▶ Supplied material:
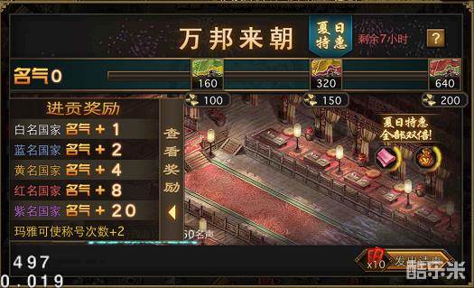 活动内容:活动期间,玩家通过发起请柬获得不同国家的进贡来获得不同数量的丝绸、丝绸锦囊或招商令奖励,以及提升一定的名气,当名气达到指定值时,获得名气称号。
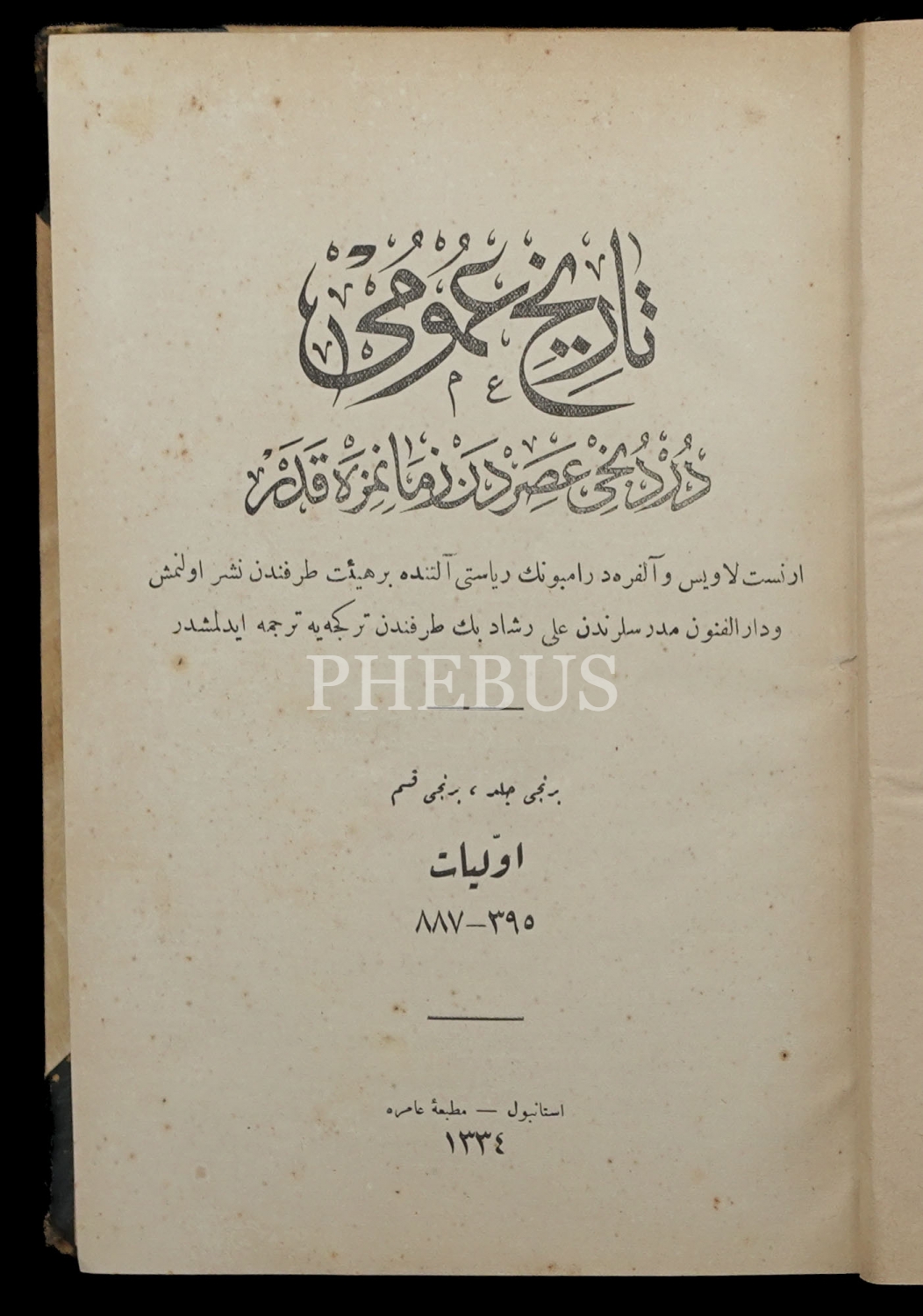 TARİH-İ UMUMİ (Dördüncü Asırdan Zamanımıza Kadar), (1. Cilt- 1. Kısım:Evveliyât: M.S. 395-887), Ernest Lavisse-Alfred Rambaud, (çeviren: Ali Reşad), 1334, Matbaa-i Âmire, 576 sayfa, 17x24 cm...
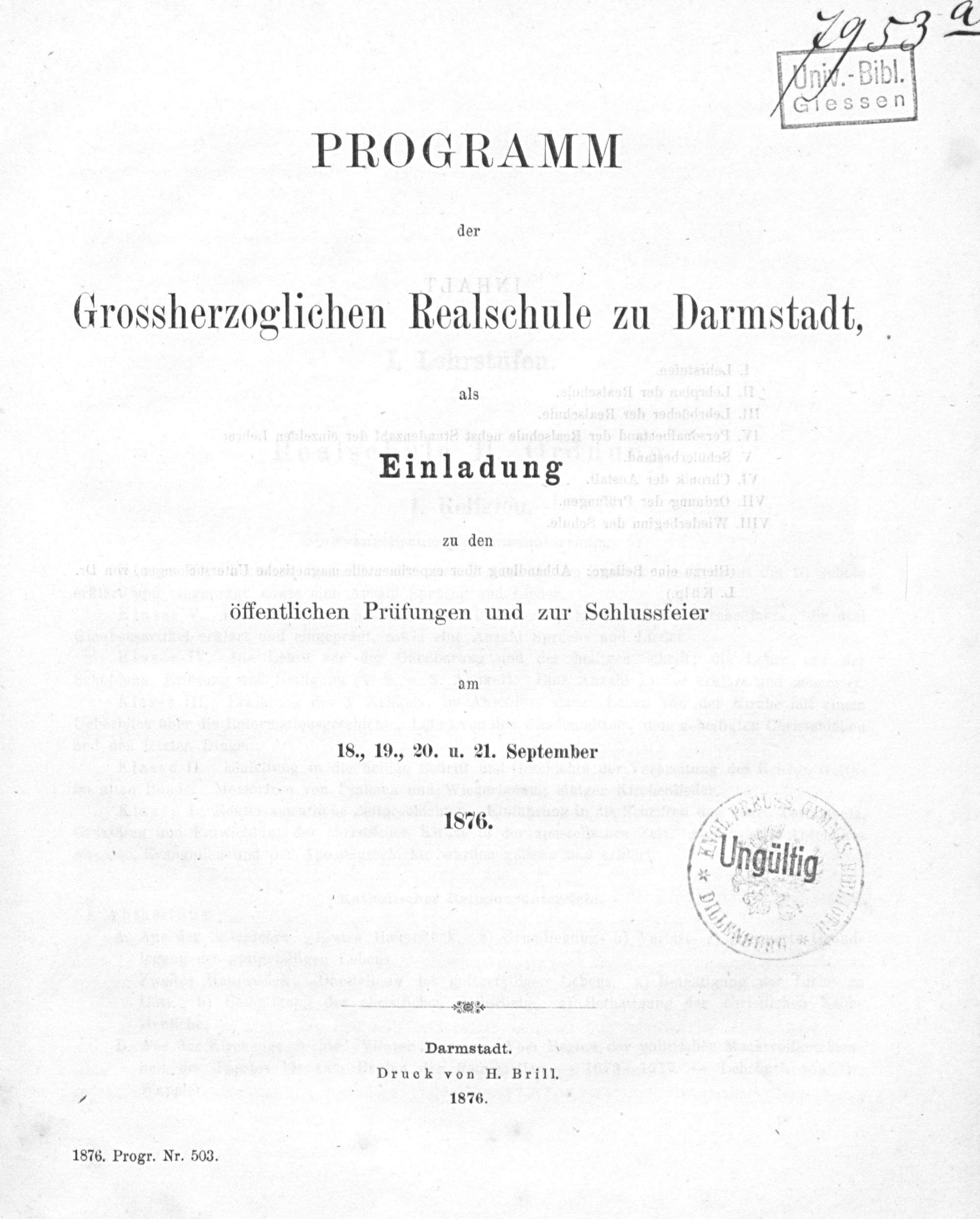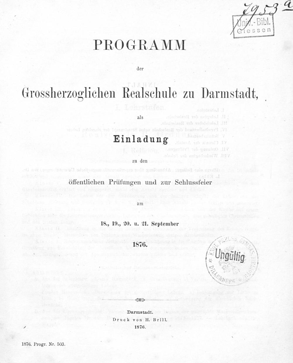 Programm der Großherzoglichen Realschule zu Darmstadt
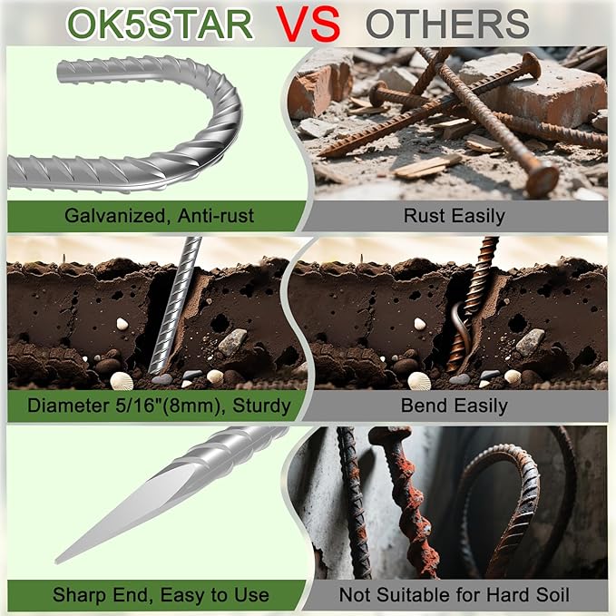 • EASY TO USE: Chisel point end makes the galvanized rebar stakes easy insert into the ground and save effort. J hook rebar stakes are easy to hammer down. Mainly for soft soil, the bending rate of hard soil/gravel ground is reduced by 60%
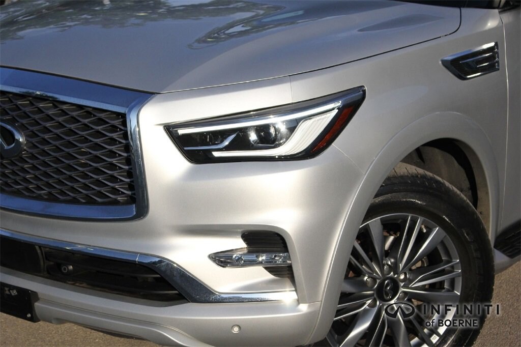 Liquid Platinum 2022 INFINITI QX80 LUXE Certified, Leather Interior, Heated Seats, Apple CarPlay/Android Auto, Reverse Camera, 3rd row seats: split-bench, Auto High-beam Headlights, Auto-dimming door mirrors, Front Bucket Seats, Fully automatic headlights, Power Liftgate, Power moonroof, Speed control.

▶ Work task:
Would you print the listing above in full, exactly, but with no pictures?

▶ Result of this task:
 活动内容:活动期间,玩家通过发起请柬获得不同国家的进贡来获得不同数量的丝绸、丝绸锦囊或招商令奖励,以及提升一定的名气,当名气达到指定值时,获得名气称号。
 TARİH-İ UMUMİ (Dördüncü Asırdan Zamanımıza Kadar), (1. Cilt- 1. Kısım:Evveliyât: M.S. 395-887), Ernest Lavisse-Alfred Rambaud, (çeviren: Ali Reşad), 1334, Matbaa-i Âmire, 576 sayfa, 17x24 cm...
 Programm der Großherzoglichen Realschule zu Darmstadt
 • EASY TO USE: Chisel point end makes the galvanized rebar stakes easy insert into the ground and save effort. J hook rebar stakes are easy to hammer down. Mainly for soft soil, the bending rate of hard soil/gravel ground is reduced by 60%
 Liquid Platinum 2022 INFINITI QX80 LUXE Certified, Leather Interior, Heated Seats, Apple CarPlay/Android Auto, Reverse Camera, 3rd row seats: split-bench, Auto High-beam Headlights, Auto-dimming door mirrors, Front Bucket Seats, Fully automatic headlights, Power Liftgate, Power moonroof, Speed control.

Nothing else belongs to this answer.